Unlike other targets for DBS, the ANT cannot be well defined by microelectrode recordings alone; and therefore necessitates clear visualization and direct targeting.[7] In the SANTE trial, as well as in prior reports, DBS electrodes were placed into the anterior nucleus of the thalamus (ANT) using direct targeting [5,8]. Furthermore, precise targeting relies on visualization of the mammilothalamic tract, external medullary lamina, and internal medullary lamina, which bound the ANT [7,8]. While recent studies have illustrated these structures clearly in high-channel MRI acquisitions and Short-TI Inversion Recovery (STIR) sequences [7,9], they are not consistently well demarcated on all clinical MRI platforms.

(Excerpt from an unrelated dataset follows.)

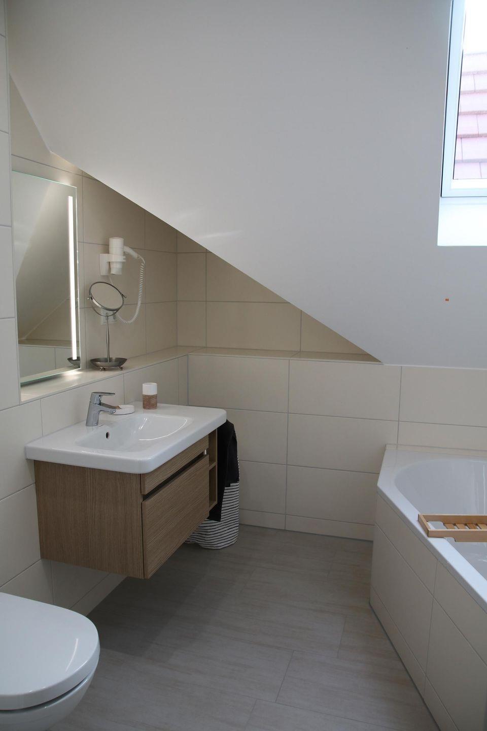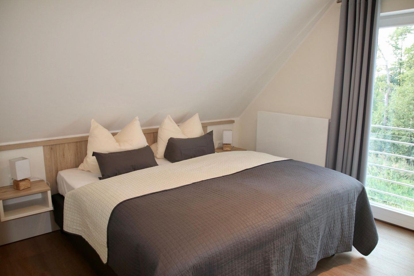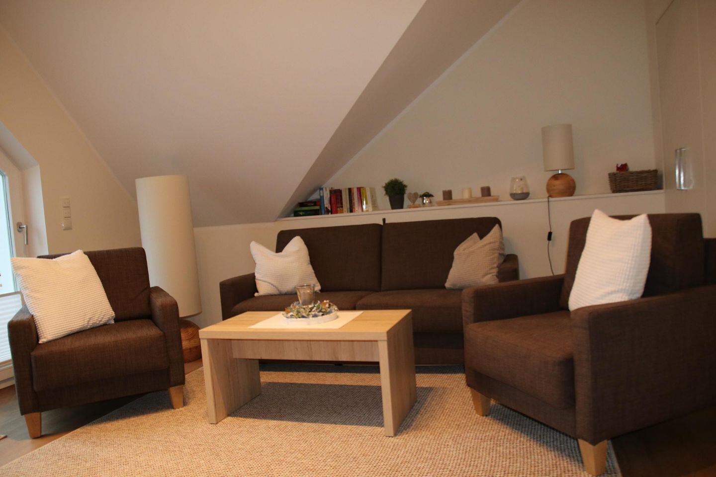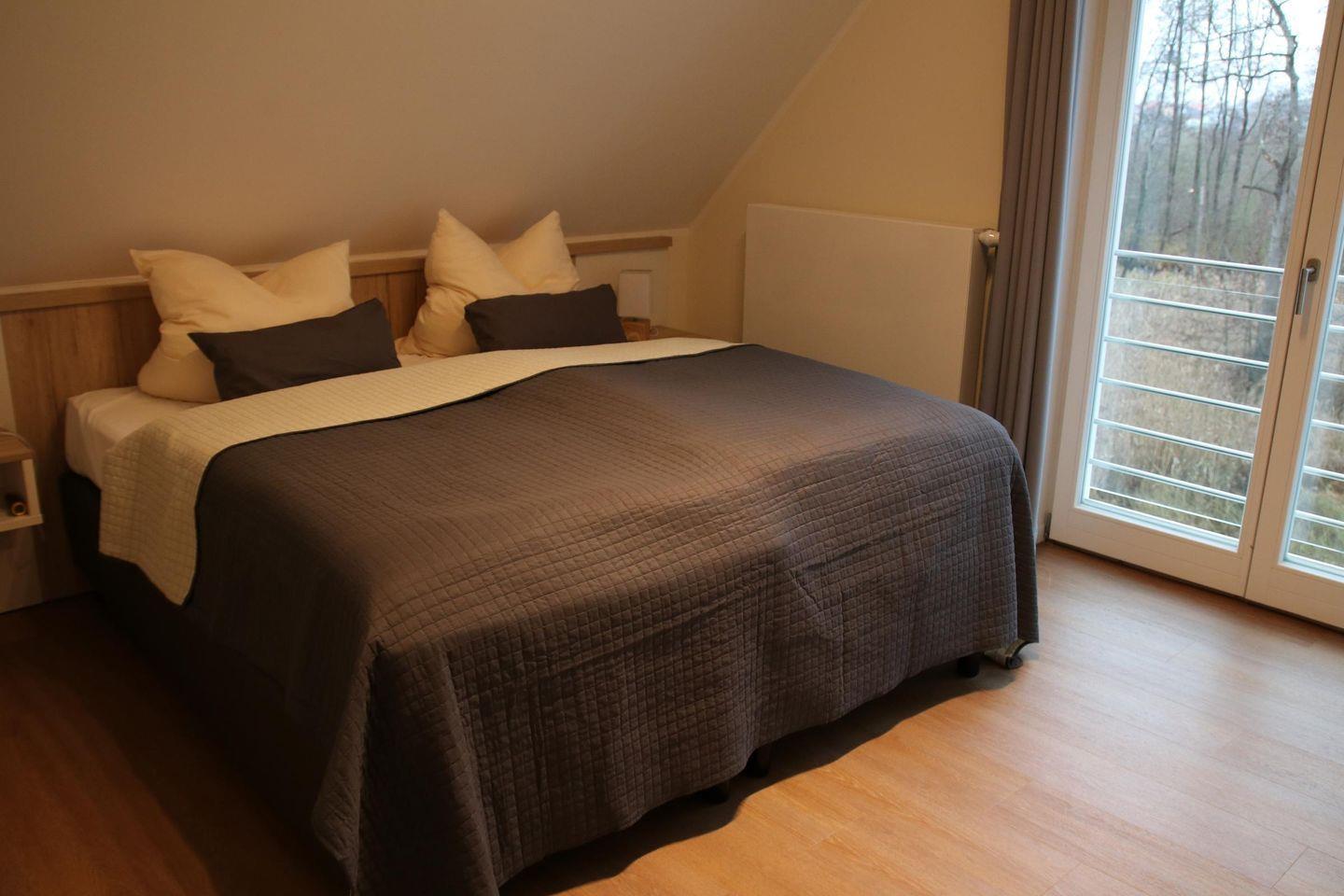 Im Dachgeschoss liegen ein Tageslichtbad mit Badewanne, ein weiteres Schlafzimmer mit einem Boxspringbett (1,80 m x 2,00 m) sowie ein gemütliches Wohnzimmer mit Balkon und Blick auf den See. Der kleine Balkon, ausgestattet mit zwei Relax-Sesseln, ist ebenfalls nach Süden ausgerichtet und läd auf ein ungestörtes Sonnenbad ein.

As a result, electrode placement depends solely on targeting based on relative location within the thalamus and comparisons to the Schaltenbrand and Wahren atlas. Such an approach is suboptimal because of the high degree of variation in thalamic anatomy between patients and the lack of consistency in its location in the AC-PC coordinate system [7].

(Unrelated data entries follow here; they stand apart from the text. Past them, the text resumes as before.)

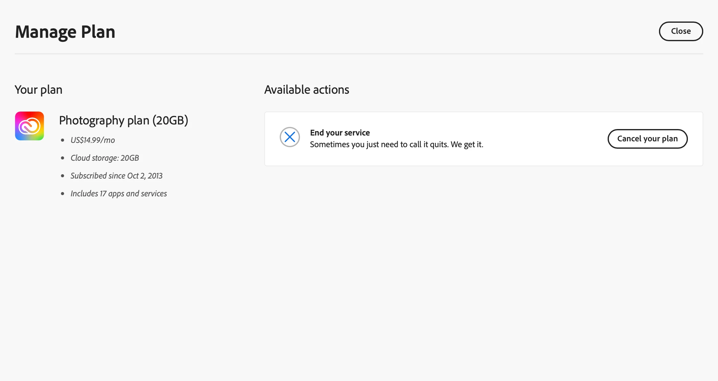 "The price of the Photography plan (20GB) annual, billed monthly plan is changing from US$9.99/month to US$14.99/month (plus applicable taxes) on your next renewal date. To maintain your effective current base rate (excluding any promotions) you can change your subscription to an annual, prepaid plan.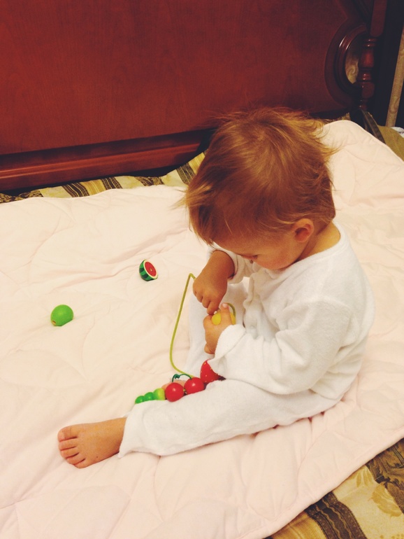 Шнуровку осваиваем, нравится занятие...минут на 5, а потом летят деревянные фрукты куда-нибудь на пол)) Кот любит их погонять )))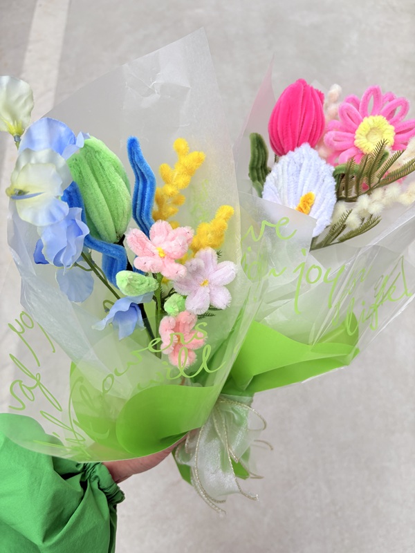 ワークショップで作ったブーケに、会場で販売しているモールフラワー(単品)を追加してボリュームアップすることもできます。

Variations in thalamic size and shape have been well documented. First of all, thalamic volume is known to decrease with age; but more importantly, this atrophy disproportionately affects the medial and anterior portions of the thalamus [10]. Given known thalamocortical connections, concurrent atrophy of the frontal lobes, temporal lobes, and region of the ANT is understandable. More importantly for the patient population of interest, a number of studies have demonstrated that patients with epilepsy experience thalamic atrophy [11] and that this atrophy is more pronounced on the side ipsilateral to seizure onset in patients with temporal lobe epilepsy [12] and occurs in a time-dependent fashion relative to the duration of disease. Pathway-specific deafferentation also occurs and results in atrophy of frontocentral and limbic cortices, which is significantly greater than that seen with aging alone [13,14]; and atrophy specifically of the ipsilateral anterior thalamus has been described in patients with chronic refractory mesial temporal lobe epilepsy [15].

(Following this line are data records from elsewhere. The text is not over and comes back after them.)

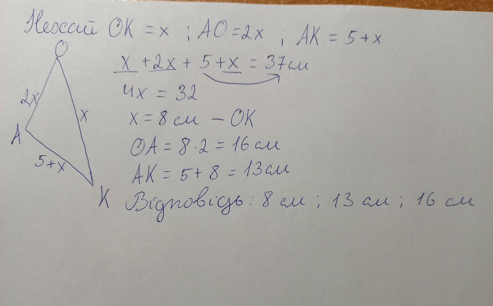 Одна сторона трикутника у 2 рази менша за другу і на 5см менша за третю. Знайти сторони трикутника, якщо його периметр дорівнює 37см.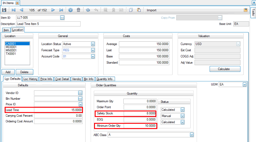 First, we will set up an item with a 15-day lead time, a safety stock quantity of 8, and a minimum order quantity of 10 with a quantity of 15 in stock.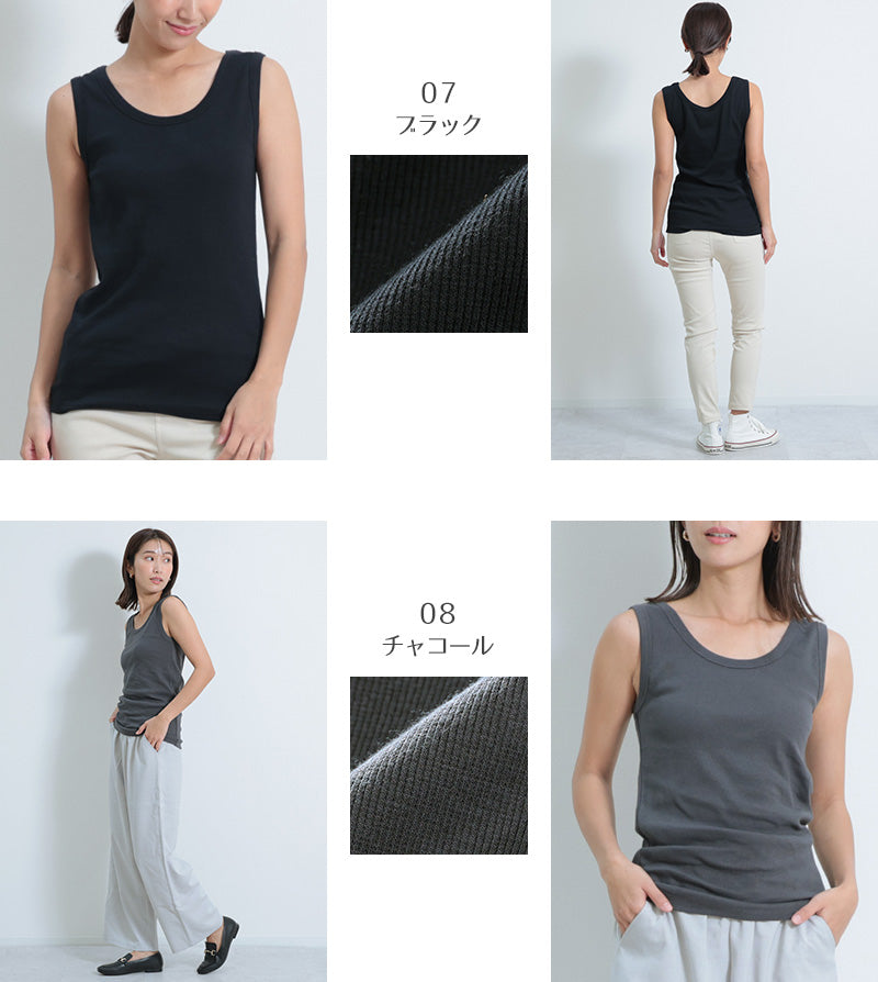 着まわしやすいデザインとカラー展開で、何枚あっても重宝するタンクトップです。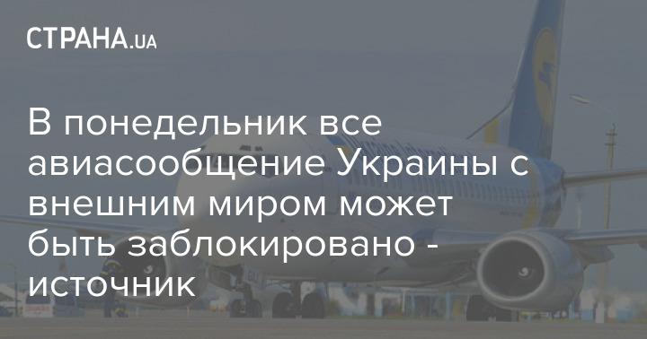 В понедельник все авиасообщение Украины с внешним миром может быть заблокировано - источник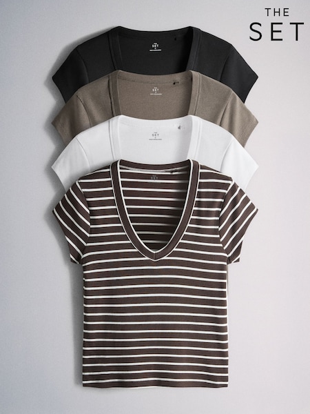 The Set 4 Pack V-Neck Cap Sleeve T-Shirts Black/Brown/Brown Stripe/White

Such variability and ambiguity raises concerns regarding electrode position and potential implications on clinical outcomes [7]. We therefore intended to critically evaluate electrode positions in patients implanted at our center and assess the impact of this variable on seizure reduction.

Methods

Under approval of the institutional review board at Thomas Jefferson University, charts and perioperative MRIs from the eight patients involved in the SANTE trial were reviewed. SANTE study records were also reviewed to collect 5-year outcome data with regards to seizure reduction. Volumetric (1 mm3 voxel) T1-weighted MRI acquired both preoperatively and postoperatively was required for quantitative analysis. As such, two patients were excluded from the analysis because their preoperative imaging was no longer available on the picture archiving communication system (PACS). Both direct and normalized measurements were taken for the remaining six patients. [Figure 1]

Figure 1.

Figure 1

Workflow of image processing and analysis. Thalamic measurements were taken from multiplanar reconstructions of the preoperative MRI and overlays of thalamic segmentation were used as guidance when uncertainty arose. Thalamic volumes were generated directly from the automated segmentation of the preoperative MRI. Relative contact positions were taken from multiplanar reconstructions of the postoperative MRI; and raw contact locations were taken directly from the postoperative MRI in which AC-PC has been defined. Normalized contact locations were generated by normalizing both pre- and post-operative MRIs to the CranialVault atlas. (In this figure, the green outline represents the ANT and the red dot represents the location of the active contact.)

Direct Measurements

Preoperative images underwent automated segmentation (FreeSurfer, Boston, MA) to calculate thalamic volumes [16]. Multiplanar reconstructions of the preoperative MRIs were generated (OsiriX, Pixmeo, Geneva, CH) to allow measurement of the maximal anterior-posterior and medio-lateral diameters. In cases when the thalamic border was not well-defined, an overlay of the thalamic segmentation was used as guidance for these thalamic measurements.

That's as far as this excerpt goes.